0^0 does not equal 0*ln(0)

CSP: It has to, Yee. It’s the definition of exponentiation in terms of logarithms. Now I don’t disagree that ln(0) is a non complex form. This is the reason it is disallowed when results have to be in the complex plane, as there are no complex solutions. But once again you confuse the operational definition with the result.

Many times you have made the statement along the lines of “It is reasonable to define 0^0 = 1”. It is perfectly reasonable to also say that “ln(0) is undefined because there is no complex value that e can be raised to that produces a result of zero.” However, just because the result is a non complex form, does not make it invalid.

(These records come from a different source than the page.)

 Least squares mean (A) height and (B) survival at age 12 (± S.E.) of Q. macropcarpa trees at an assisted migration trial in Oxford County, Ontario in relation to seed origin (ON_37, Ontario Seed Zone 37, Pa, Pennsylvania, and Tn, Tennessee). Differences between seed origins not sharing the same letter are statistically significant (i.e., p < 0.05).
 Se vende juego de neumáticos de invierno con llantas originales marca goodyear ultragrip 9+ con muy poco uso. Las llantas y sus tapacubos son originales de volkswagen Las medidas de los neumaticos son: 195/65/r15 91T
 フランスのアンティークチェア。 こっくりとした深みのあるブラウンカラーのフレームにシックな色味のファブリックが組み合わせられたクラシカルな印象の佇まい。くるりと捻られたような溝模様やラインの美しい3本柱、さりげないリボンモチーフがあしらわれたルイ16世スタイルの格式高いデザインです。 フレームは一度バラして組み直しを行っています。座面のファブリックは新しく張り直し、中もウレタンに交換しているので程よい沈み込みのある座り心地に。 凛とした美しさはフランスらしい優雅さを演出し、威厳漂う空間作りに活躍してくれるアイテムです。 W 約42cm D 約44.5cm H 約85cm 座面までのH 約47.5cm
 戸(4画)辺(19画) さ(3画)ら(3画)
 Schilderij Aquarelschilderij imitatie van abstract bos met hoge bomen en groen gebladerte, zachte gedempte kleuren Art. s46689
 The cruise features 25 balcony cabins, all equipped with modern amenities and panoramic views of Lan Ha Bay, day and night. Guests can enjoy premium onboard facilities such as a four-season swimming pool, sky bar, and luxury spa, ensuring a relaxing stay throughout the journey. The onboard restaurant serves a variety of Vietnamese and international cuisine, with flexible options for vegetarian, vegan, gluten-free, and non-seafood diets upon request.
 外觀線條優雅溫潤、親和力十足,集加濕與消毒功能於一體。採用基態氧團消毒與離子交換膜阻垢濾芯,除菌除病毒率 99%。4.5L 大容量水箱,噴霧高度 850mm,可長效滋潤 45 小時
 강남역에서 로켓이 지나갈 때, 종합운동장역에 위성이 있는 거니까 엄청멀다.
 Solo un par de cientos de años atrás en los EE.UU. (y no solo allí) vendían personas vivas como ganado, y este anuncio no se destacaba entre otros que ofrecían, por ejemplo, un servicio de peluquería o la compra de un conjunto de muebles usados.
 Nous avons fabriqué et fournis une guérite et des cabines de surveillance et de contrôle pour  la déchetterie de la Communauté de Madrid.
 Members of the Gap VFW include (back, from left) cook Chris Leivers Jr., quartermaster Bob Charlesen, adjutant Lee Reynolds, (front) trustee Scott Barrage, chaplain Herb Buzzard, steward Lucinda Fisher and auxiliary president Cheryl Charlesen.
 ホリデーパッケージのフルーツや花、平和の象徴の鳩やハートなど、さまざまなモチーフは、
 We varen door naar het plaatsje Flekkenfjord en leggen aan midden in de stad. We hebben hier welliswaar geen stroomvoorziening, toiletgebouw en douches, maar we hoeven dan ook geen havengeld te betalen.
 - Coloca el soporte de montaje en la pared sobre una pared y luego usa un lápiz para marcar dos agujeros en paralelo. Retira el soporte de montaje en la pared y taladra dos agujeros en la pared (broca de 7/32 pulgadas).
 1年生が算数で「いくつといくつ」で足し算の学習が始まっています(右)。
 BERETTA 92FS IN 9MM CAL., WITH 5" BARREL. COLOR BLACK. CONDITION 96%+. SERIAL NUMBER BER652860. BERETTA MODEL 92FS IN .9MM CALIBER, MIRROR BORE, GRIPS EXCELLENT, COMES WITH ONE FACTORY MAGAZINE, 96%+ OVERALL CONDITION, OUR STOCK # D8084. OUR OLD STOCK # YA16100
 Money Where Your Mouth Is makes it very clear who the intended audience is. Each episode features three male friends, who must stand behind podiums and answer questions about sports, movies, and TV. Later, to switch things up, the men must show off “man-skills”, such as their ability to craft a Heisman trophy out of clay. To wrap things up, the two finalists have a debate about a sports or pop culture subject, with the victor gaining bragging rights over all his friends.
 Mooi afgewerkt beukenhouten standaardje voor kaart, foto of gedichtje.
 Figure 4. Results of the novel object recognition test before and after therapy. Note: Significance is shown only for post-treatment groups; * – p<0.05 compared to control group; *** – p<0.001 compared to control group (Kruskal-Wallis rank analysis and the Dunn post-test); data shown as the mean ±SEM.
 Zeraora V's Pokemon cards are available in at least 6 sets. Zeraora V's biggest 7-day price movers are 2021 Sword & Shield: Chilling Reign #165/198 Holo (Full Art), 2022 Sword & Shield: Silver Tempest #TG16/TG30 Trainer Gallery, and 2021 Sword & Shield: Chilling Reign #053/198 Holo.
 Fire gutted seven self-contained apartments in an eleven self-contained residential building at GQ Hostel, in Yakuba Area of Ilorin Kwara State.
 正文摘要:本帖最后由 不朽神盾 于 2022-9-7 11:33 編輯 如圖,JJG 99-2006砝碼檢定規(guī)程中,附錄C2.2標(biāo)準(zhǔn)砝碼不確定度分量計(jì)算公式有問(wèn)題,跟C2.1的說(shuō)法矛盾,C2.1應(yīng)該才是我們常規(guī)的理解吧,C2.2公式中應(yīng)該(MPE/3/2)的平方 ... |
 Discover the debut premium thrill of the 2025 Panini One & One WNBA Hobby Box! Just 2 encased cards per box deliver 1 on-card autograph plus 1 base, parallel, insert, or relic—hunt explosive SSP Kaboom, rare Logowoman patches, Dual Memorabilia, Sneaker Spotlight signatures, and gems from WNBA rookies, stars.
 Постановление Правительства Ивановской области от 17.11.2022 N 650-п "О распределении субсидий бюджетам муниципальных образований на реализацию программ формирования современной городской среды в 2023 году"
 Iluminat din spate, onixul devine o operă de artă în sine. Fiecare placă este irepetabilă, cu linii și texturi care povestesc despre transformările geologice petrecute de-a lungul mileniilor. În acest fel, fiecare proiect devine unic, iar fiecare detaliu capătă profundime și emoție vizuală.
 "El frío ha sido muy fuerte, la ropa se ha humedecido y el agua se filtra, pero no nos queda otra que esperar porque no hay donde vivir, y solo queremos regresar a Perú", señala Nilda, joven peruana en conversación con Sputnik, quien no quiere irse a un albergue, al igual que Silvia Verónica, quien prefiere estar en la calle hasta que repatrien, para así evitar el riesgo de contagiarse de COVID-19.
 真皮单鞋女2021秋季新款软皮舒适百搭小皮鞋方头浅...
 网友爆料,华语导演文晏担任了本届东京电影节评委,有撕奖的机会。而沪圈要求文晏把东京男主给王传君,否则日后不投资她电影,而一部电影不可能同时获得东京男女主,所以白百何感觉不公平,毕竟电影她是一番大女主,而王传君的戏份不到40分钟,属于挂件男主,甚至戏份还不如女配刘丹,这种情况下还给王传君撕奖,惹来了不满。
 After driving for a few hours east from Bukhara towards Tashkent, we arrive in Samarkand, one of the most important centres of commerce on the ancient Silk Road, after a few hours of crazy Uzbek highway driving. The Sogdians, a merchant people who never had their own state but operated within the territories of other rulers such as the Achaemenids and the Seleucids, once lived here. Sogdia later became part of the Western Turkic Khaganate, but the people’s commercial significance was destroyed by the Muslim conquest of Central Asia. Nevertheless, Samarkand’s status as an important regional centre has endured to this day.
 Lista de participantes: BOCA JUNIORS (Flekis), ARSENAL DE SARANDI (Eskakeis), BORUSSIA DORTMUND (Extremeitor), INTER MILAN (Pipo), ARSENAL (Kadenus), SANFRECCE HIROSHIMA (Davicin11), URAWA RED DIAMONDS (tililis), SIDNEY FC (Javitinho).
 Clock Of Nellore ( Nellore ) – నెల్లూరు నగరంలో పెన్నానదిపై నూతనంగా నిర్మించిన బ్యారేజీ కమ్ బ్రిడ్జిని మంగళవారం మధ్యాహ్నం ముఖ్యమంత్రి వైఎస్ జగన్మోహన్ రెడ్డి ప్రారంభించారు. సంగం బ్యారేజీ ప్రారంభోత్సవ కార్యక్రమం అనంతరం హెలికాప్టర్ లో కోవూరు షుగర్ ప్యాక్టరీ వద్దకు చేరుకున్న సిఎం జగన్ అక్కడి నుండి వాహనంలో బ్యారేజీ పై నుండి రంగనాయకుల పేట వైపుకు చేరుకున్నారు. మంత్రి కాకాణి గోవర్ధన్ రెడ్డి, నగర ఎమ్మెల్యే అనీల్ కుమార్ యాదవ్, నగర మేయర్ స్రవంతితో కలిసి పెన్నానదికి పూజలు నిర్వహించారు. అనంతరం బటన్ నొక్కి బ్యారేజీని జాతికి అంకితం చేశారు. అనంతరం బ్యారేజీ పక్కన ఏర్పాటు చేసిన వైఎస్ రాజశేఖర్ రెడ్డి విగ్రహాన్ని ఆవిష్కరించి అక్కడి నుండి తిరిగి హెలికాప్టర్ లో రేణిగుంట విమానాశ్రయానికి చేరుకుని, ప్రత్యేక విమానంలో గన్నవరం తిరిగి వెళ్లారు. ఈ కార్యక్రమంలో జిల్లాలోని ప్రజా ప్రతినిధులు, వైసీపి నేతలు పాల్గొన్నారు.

Operating with 1/0 is ridiculous.

CSP: Why? It allows for a definition for a non complex form that exists outside of the realm of complex number. It is a form that facilitates explaining what happens with 0^0. It extends the number system into a space where other non complex forms such as 0^0 and 0/0 can be explained.
Yee says:

March 13, 2013 at 7:08 am

CS Prof,

1.”0^0 is equal to 0/0 because of definition.”
This is not wrong, but this is not good.
Defining 0^0=1 is better, as I mentioned above.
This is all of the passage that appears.